For single cell feature count, this can be set to
np.uint16 [0, 65536] to decrease file size. The values
exceed min/max will be clipped while keep the mc/cov
same, and a warning will be sent. (default: uint32)
--binarize If set, binarize each single site in each individual
ALLC file. This means each cytosine will only
contribute at most 1 cov and 0/1 mc, this is suitable
to account for single cell ALLC R1 R2 overlap issue,
Only use this on single cell ALLC, not bulk ALLC.
(default: False)
required arguments:
--allc_table ALLC_TABLE
Contain all the ALLC file information in 2 columns: 1.
file_uid, 2. file_path.
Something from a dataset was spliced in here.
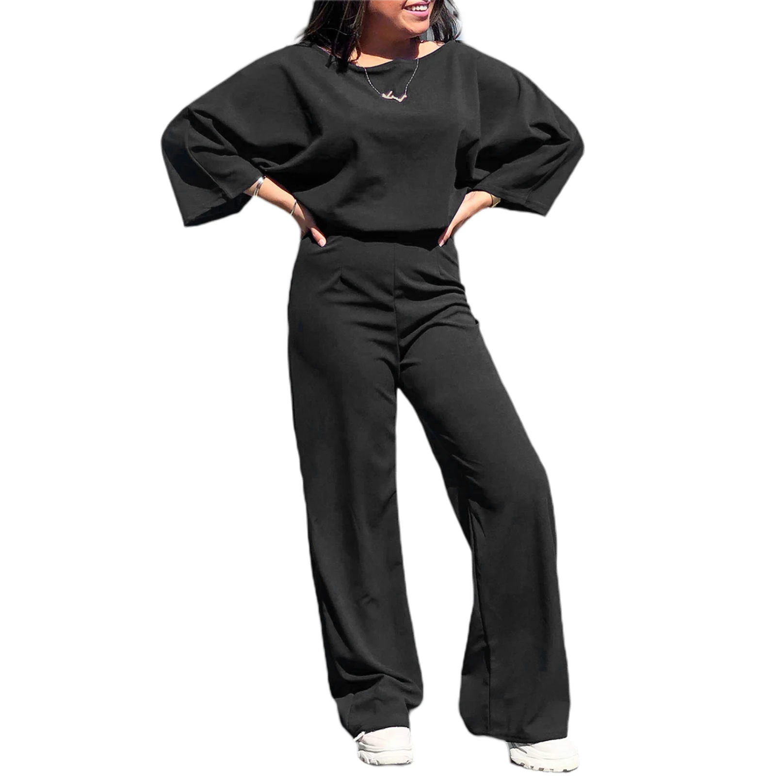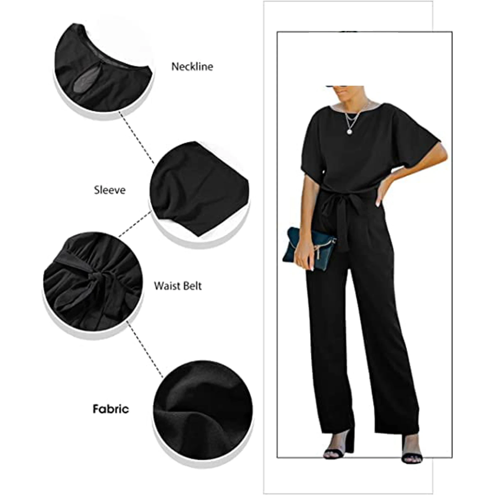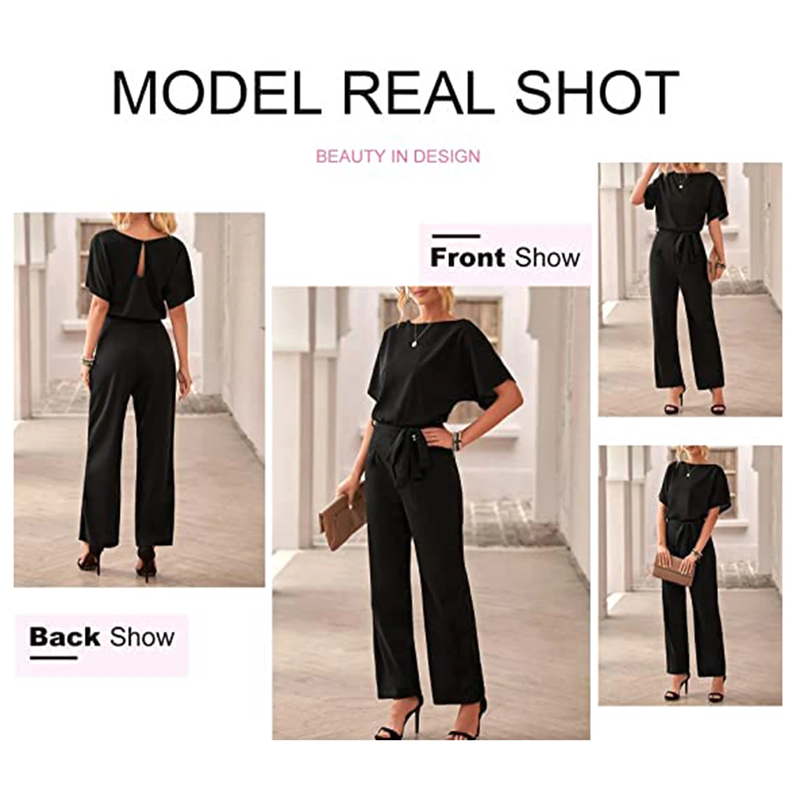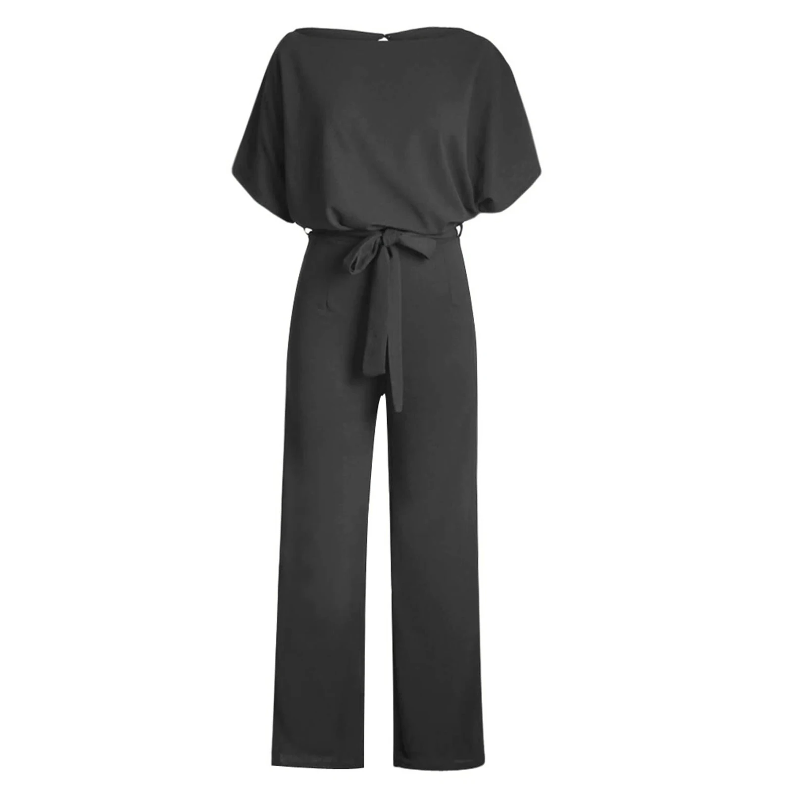 Women Daily Fashion Versatile Jumpsuit Sexy Solid Color Jumpsuit V-Neck Short Sleeve Open Back High Waist Elastic Loose Jumpsuit

No header (default: None)
--output_prefix OUTPUT_PREFIX
Output prefix of the MCDS (default: None)
--chrom_size_path CHROM_SIZE_PATH
Path to UCSC chrom size file. This can be generated
from the genome fasta or downloaded via UCSC
fetchChromSizes tools. All ALLCools functions will
refer to this file whenever possible to check for
chromosome names and lengths, so it is crucial to use
a chrom size file consistent to the reference fasta
file ever since mapping. ALLCools functions will not
change or infer chromosome names. (default: None)
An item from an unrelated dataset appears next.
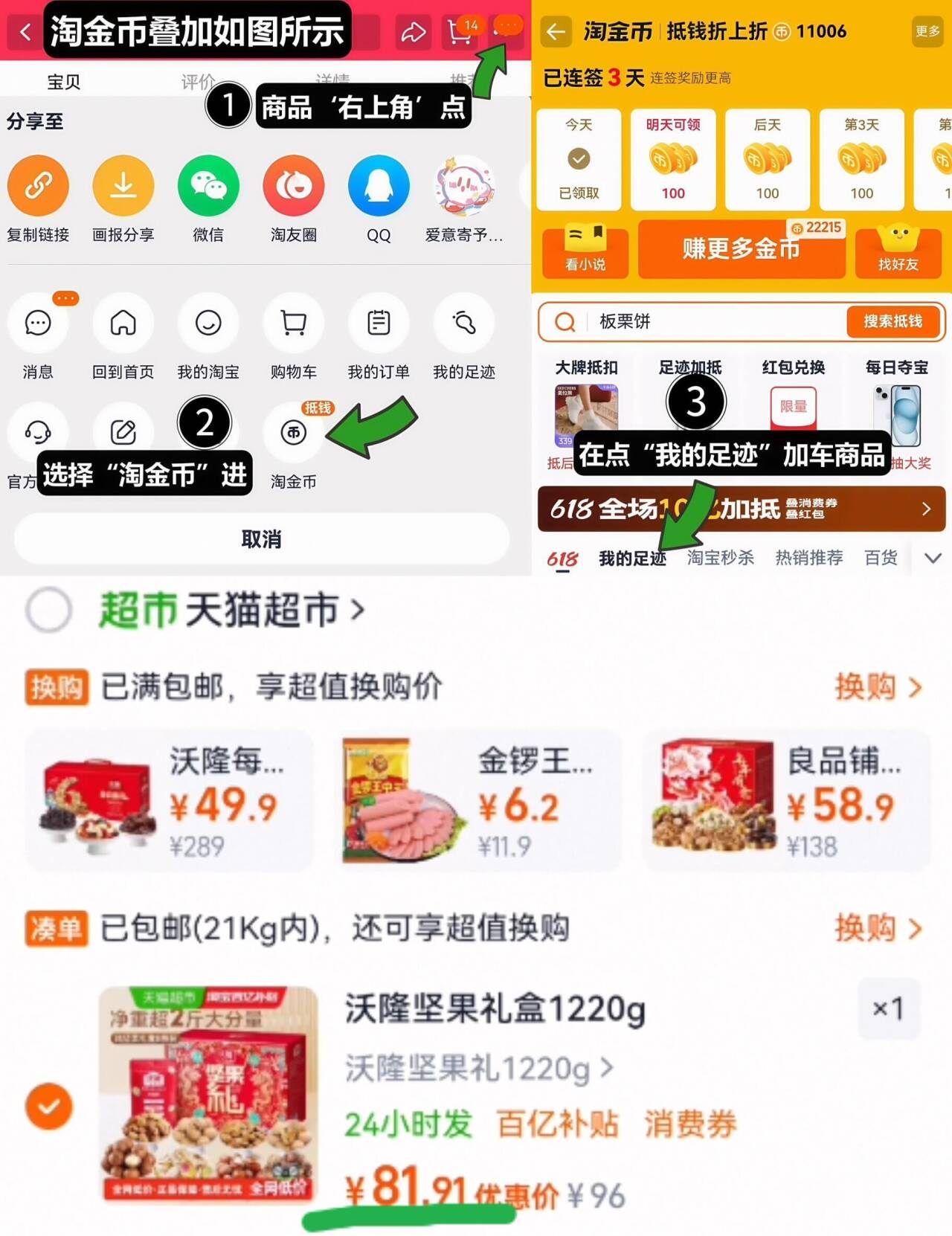 2、如图右上角叠“淘金币”加车1件

--mc_contexts MC_CONTEXTS [MC_CONTEXTS ...]
Space separated mC context patterns to extract from
ALLC. The context length should be the same as ALLC
file context. Context pattern follows IUPAC nucleotide
code, e.g. N for ATCG, H for ATC, Y for CT. (default:
None)
Example command
allcools generate-mcds \
--allc_table AllcPaths.tsv \
--output_prefix /output_dir/lib_name \ # you don't need to add .mcds, will add automatically
--chrom_size_path chrom_size_file \
--mc_contexts CGN CHN \ # H means ATC, N means ATCG, this means both mCG and mCH will be counted for each feature
--bin_sizes 100000 \ # MCDS will generate separate array counting non-overlapping genomic bins at this length, no bed files needed for non-overlapping genomic bins.
--region_bed_paths gene_body.bed.gz \ # MCDS will generate separate array counting regions in each of the bed file(s)
--region_bed_names gene \ # name of the bed file(s)
--cov_cutoff 2 \ # for single cell ALLC, skip rows having > 2 cov
--cpu 20 \ # mcds can run in parallel
Run time and memory
The speed and memory usage of MCDS depends on the number of cells and the number of features used. In the above example, the speed is about 20 cells / CPU / Hour. Usually, for a 3000 cell library, it finished in several hours. The MCDS generation is memory intensive, it's probably safe to give each CPU 5 GB memory, and no less than 40 GB in total.
Output
A single netCDF4 based MCDS file contains all the cell-by-feature raw count arrays. If you provide multiple feature sets (e.g., both genomic bins and gene body), they will all be saved in this MCDS file, while you can easily select them using ALLCools and/or xarray.